Is QCOM a buy right now?

Qualcomm Inc's current read is a Value trap recovery / Sector rotation play setup with 62 confidence over a 3–6 months horizon. Valuation: Mixed—attractive on some metrics, expensive on growth backdrop. See the full bull and bear case above, or run a live analysis for the exact entry, target and stop.

Is QCOM overvalued?

Mixed—attractive on some metrics, expensive on growth backdrop (valuation score 58/100). P/E 18.6x looks cheap in isolation, but forward P/E 33x and flat revenue growth (0.06% YoY) suggest market is pricing in a recovery that may take 2+ quarters. P/S 4.2x is fair for semis; P/FCF 14.4x is reasonable. P/B 8.4x is elevated, reflecting near-peak profitability assumptions.

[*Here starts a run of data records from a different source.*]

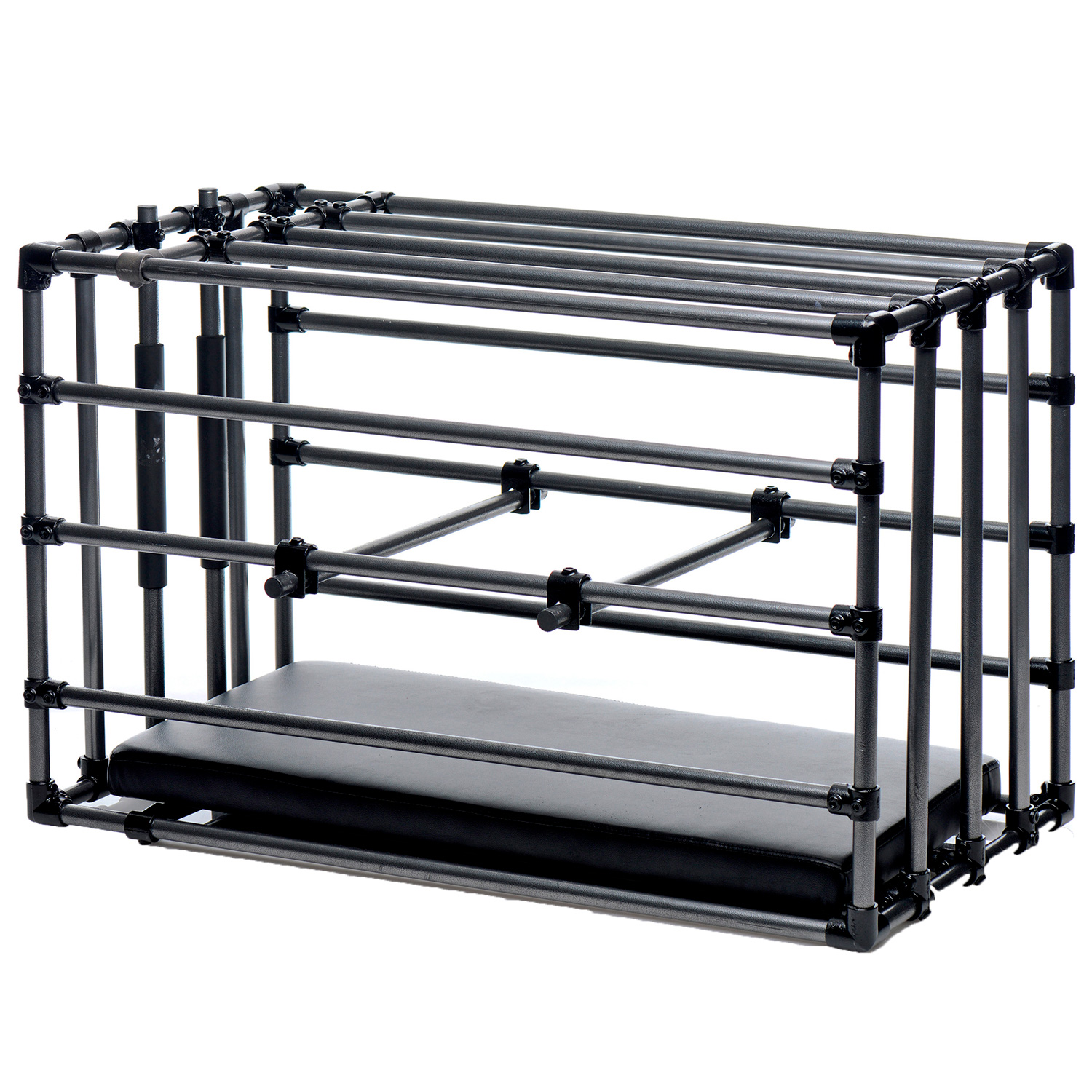 Tag dine dominante BDSM lege til et nyt niveau med Master Series Slave Bur. Det justerbare bur er let at indstille, så du kan placere din submissive i netop den stilling, du ønsker. Når stængerne først er fæstnet, slipper ingen ud, før de har gjort sig fortjent til det. Lad eksempelvis buret omslutte kroppen, mens hoved eller bagdel er frit tilgængeligt uden for. Det er kun dine kinky fantasier, der sætter grænsen. Bestem selv, om din ulydige slave har gjort sig fortjent til den polstrede bund, alt imens du pirrer, tirrer eller nyder til eget behov. Med slave buret er det dig, der har den fulde kontrol. Master Series slave Bur er udført i sort stabilt stål. Det måler 112 cm i længden, 57 cm i bredden og 72 cm i højden.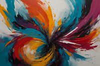 Dit levendige kunstwerk is een symfonie van kleur, waarbij elke penseelstreek een eigen verhaal lijkt te vertellen. Met een dynamisch palet dat uiteenloopt van diep rood tot zonnig geel, koel blauw en tinten zwart en wit, vangt dit ontwerp de essentie van beweging en energie. Het is alsof je kijkt naar een dans van kleuren die zich met…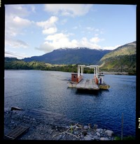 [Balsa para cruzar el río Yelcho, Carretera Austral, Región de Los Lagos] Chile : Jack Ceitelis, 1984. Negativo : policromo, gelatina sobre acetato de celulosa ; 6 x 6 cm. .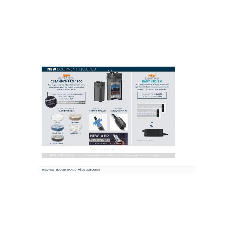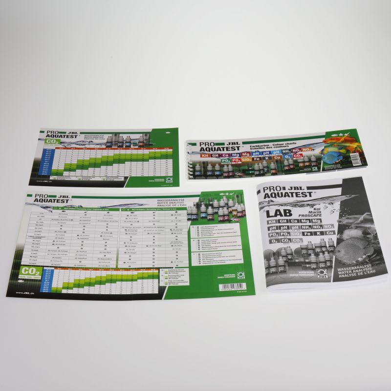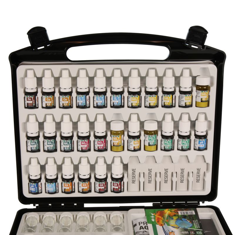 Contrôle facile et sûr des paramètres d'eau en aquarium. Détermination de : pH (3 plages), dureté carbonatée, dureté totale, ammonium/ammoniaque, nitrites, nitrates, phosphates, fer, cuivre, silicates, oxygène. Calcul du CO2 sur tableau.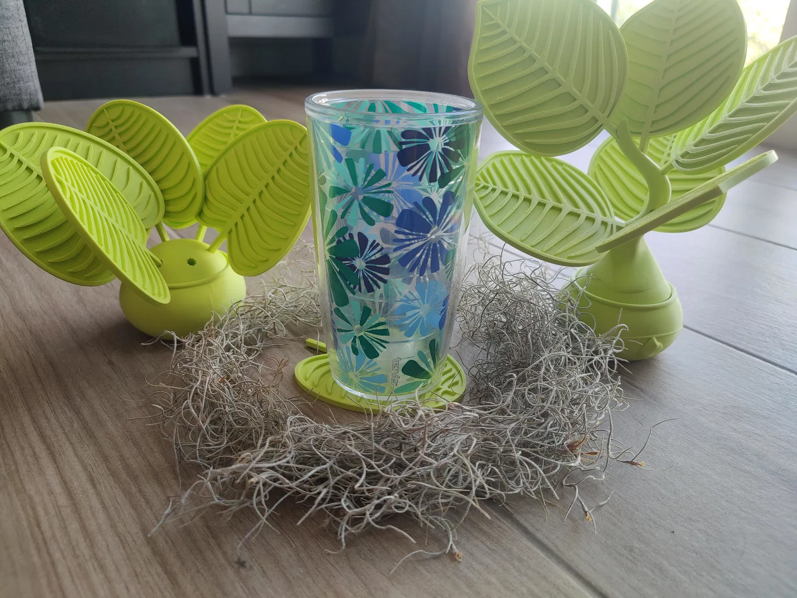 Có 2 loại lá khác nhau, 2 loại chậu khác nhau và 3 loại cây khác nhau để bạn lựa chọn. Ly có đường kính khoảng 90mm, đủ để chứa hầu hết các loại ly và cốc, trừ khi bạn có những chiếc ly "hàng độc" cỡ lớn.

What are the risks of buying QCOM?

EPS down 24% YoY; forward P/E 33x signals market pricing in recovery that may not materialize. Revenue flat YoY (+0.06%). Insider selling dominates (181 sells vs 88 buys). Beta 1.67 means 67% higher volatility than market—sector rotation risk acute. Weak jobs data + rate-hike fears weigh on semis specifically. Breakout demand from AI hasn't offset smartphone/modem weakness.